Насчет того, что «подвал битком набит барахлом» Беньямина Кнудсена, Эльза оказалась права. От барахла буквально некуда было деваться, и на миг у Эрленда опустились руки. Он уже думал вызвать срочно Элинборг и Сигурда Оли, но решил немного подождать. Площадь подвала около 90 квадратных метров, все это пространство поделено на несколько комнаток, впрочем, без дверей, и в каждой стоят ящики, шкафы и тумбы. На некоторых бумажные наклейки с пометками, но большинство девственно-чистые. Одни ящики картонные — из-под винных бутылок, из-под сигарет, — другие деревянные, самых разных размеров, да и содержимое в них самое что ни на есть разнообразное. Рядом чемоданы, сундуки и прочее, включая покрытый слоем пыли велосипед, несколько газонокосилок и мангал.

— Вот, полюбуйтесь. Можете копаться во всем этом, сколько хотите, — сказала Эльза, спустившись в подвал вслед за Эрлендом. — Если я могу быть вам чем-то полезной, позовите меня.

Тон как бы извиняющийся. Стыдно ей немного, что накричала на задумчивого и чем-то явно обеспокоенного гостя из полиции. Вид у него какой-то странный, что-то его гложет, что-то у него в жизни не так — это она сразу заметила по голосу и по глазам, — да и одет небрежно: мятый шерстяной жилет, старый пиджак с почти протертыми локтями.

Эрленд устало улыбнулся, поблагодарил хозяйку за предложение и два часа спустя нашел первый ящик с личными бумагами Беньямина Кнудсена, торговца. К этому времени Эрленд уже почти все на свете проклял, такой беспорядок был в подвале. Никакой, ни малейшей логики в расположении вещей. Старые вещи и новые лежат в одном и том же месте, кучами, которые приходится дотошно разбирать, — поэтому скорость продвижения минимальная. Но все-таки чем дальше от входа, тем более старые вещи попадаются. Ему давно хотелось выпить кофе и выкурить сигарету, и он все думал, воспользоваться гостеприимством Эльзы или объявить обеденный перерыв и отправиться в ближайшую забегаловку.

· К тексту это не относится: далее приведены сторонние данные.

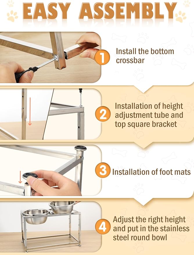- Sturdy & Stable: The dog bowls elevated features thick, rust-proof stainless steel bowls, the strong metal stand offers dependable support, while the anti-slip pad on the bottom keeps the bowl in place, minimizing the risk of spills or tipping during mealtime.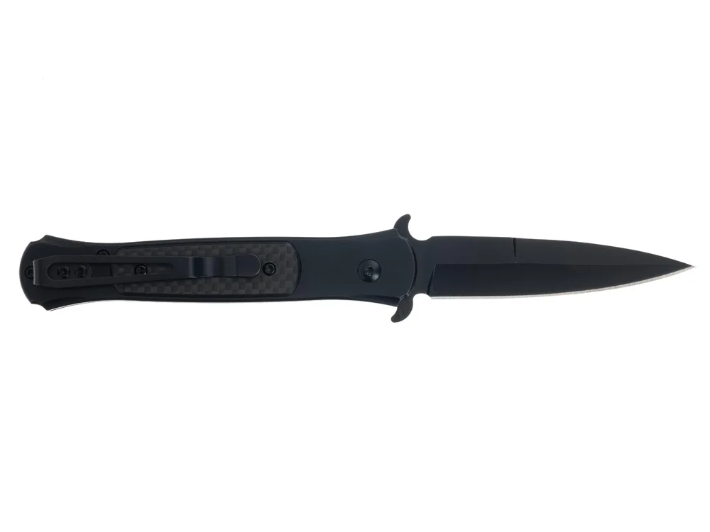 Рукоять ножа изготовлена из нержавеющей стали с накладками из карбона (углепластика) – это полимерный материал с композитным составом, изготовленный из переплетенных нитей углеродного волокна с использованием эпоксидных смол. Карбон является легким и исключительно прочным материалом, стойким к высоким температурам и агрессивным средам, отлично переносит влагу. Рукоять ножа собрана на втулках - бонках, поэтому при необходимости его можно легко промыть. На рукояти расположена съемная клипса для удобного размещения ножа в кармане. Нож мгновенно открывается и надежно фиксируется благодаря замку Button Lock. Дополнительные упоры на клинке могут выполнять функцию гарды, предотвращая соскальзывание руки на лезвие клинка.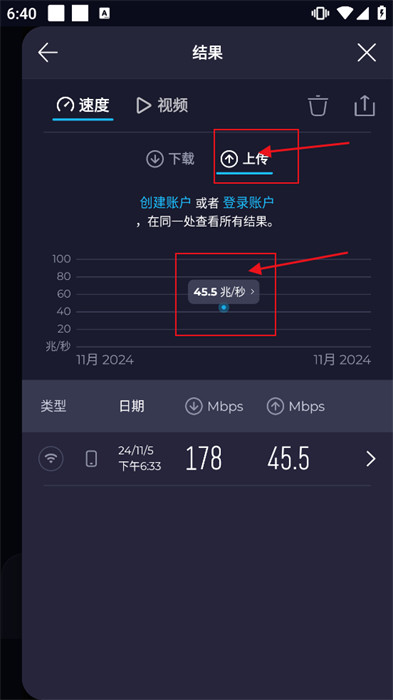 4、切換到【上傳】也對上傳的速度做出了詳細(xì)的介紹,如下圖所示;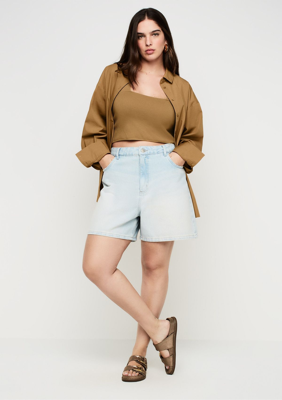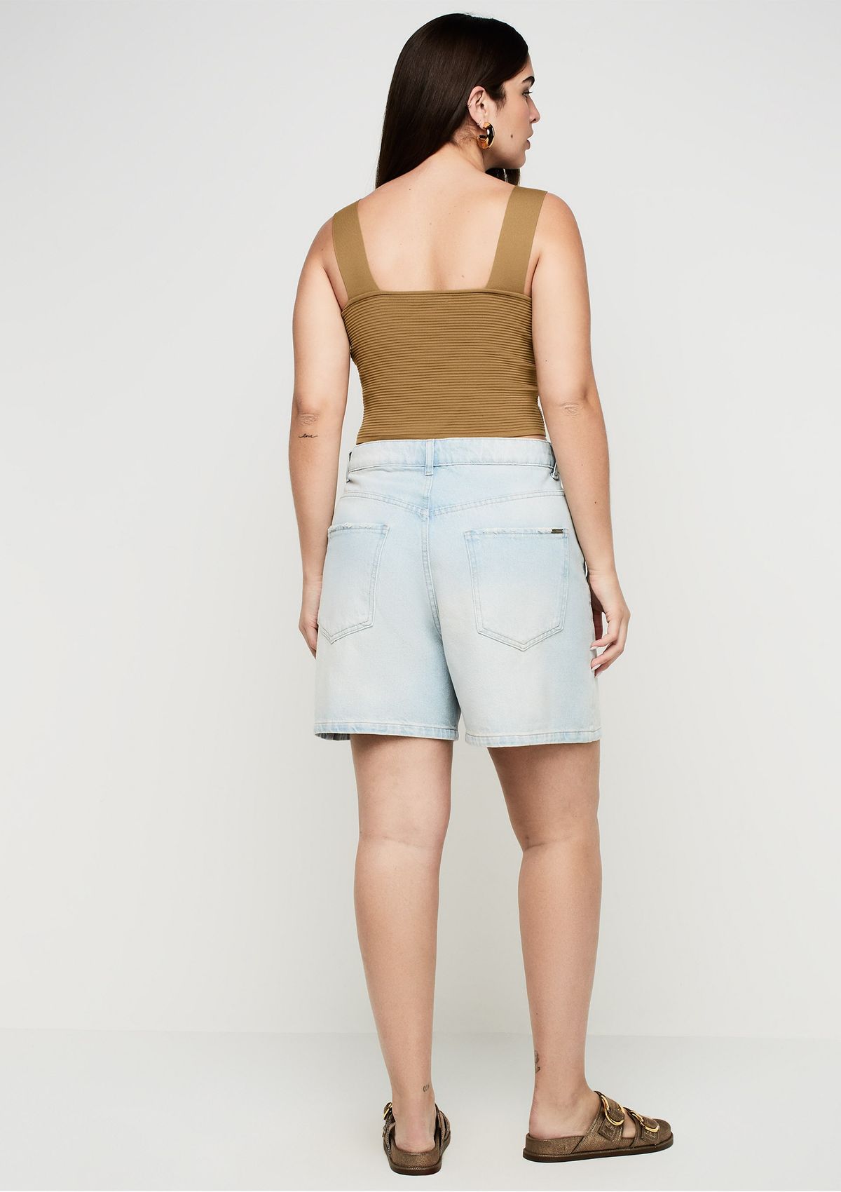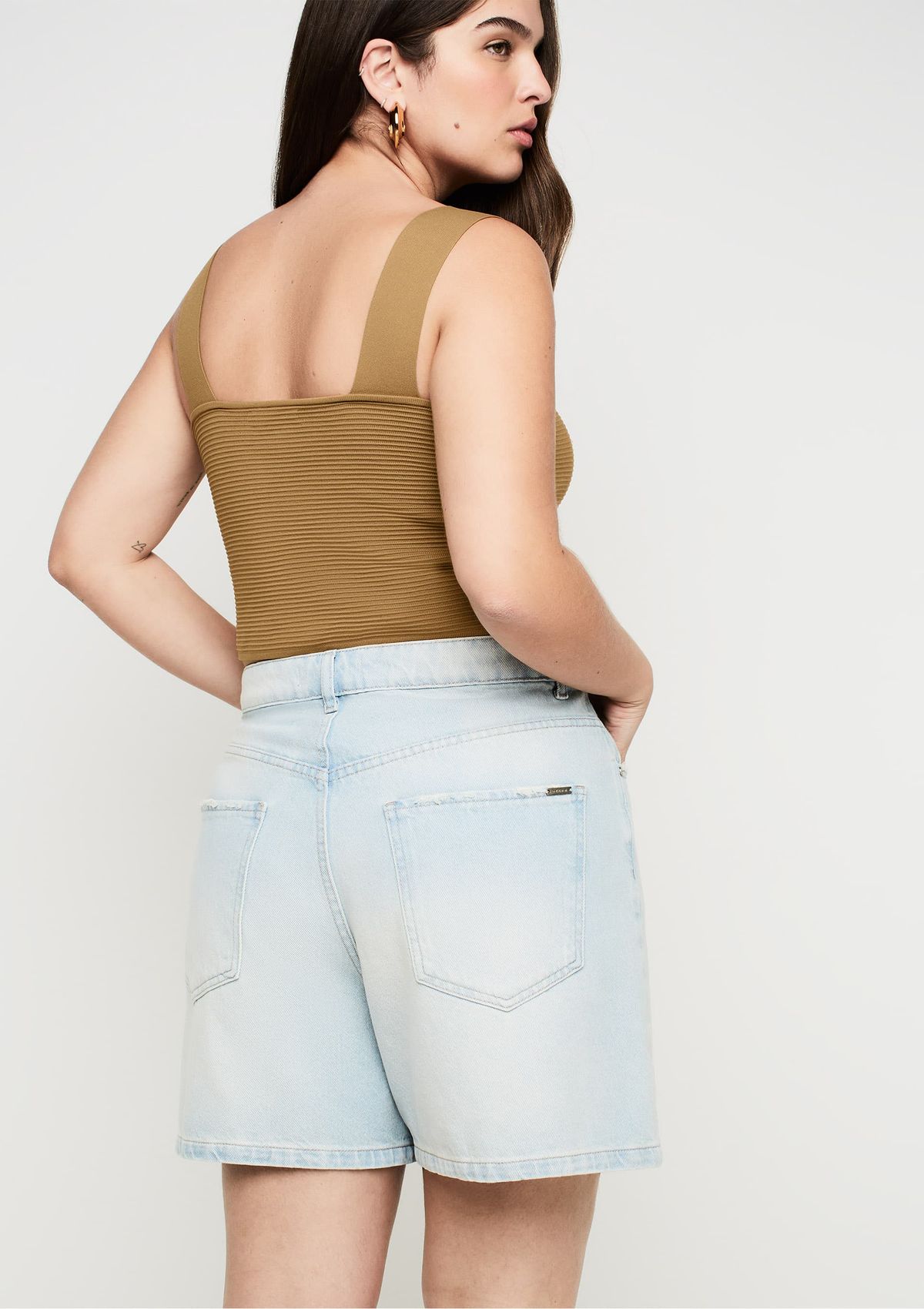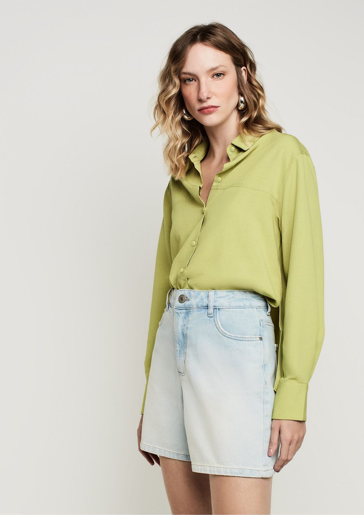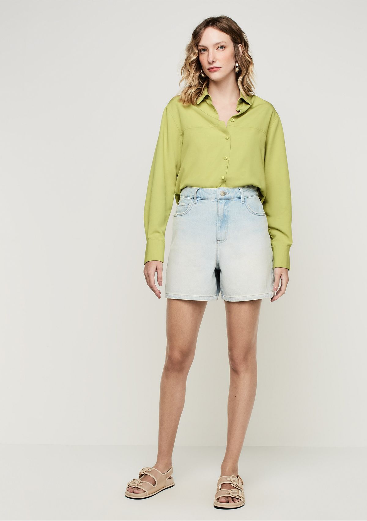 Shorts Jeans Reto Cintura Alta - Azul

Ева Линд никак не шла у него из головы. Мобильный был у него при себе, и он все ждал, вдруг позвонят из больницы. Ждал каждую минуту. Совесть не давала ему покоя — он же должен быть рядом с ней, так что он делает в этом подвале? Может, в самом деле взять на несколько дней отпуск и просто сидеть рядом с дочкой и говорить с ней, вот как тот врач наказал. Не отходить от нее, не оставлять ее одну без сознания в отделении интенсивной терапии. Кто ей скажет доброе слово, если не он, кто из родных придет к ней, если не он? Это все, конечно, правильно, да только он знает, что не усидеть ему там без дела, ожидая, пока ей не станет лучше. Работа — лучшее лекарство, какое он знает. Без работы мысли его все время идут в одном направлении, а туда их отпускать нельзя. Все он норовит вообразить себе худшее, немыслимое, непоправимое — нет, нельзя, гнать прочь работой.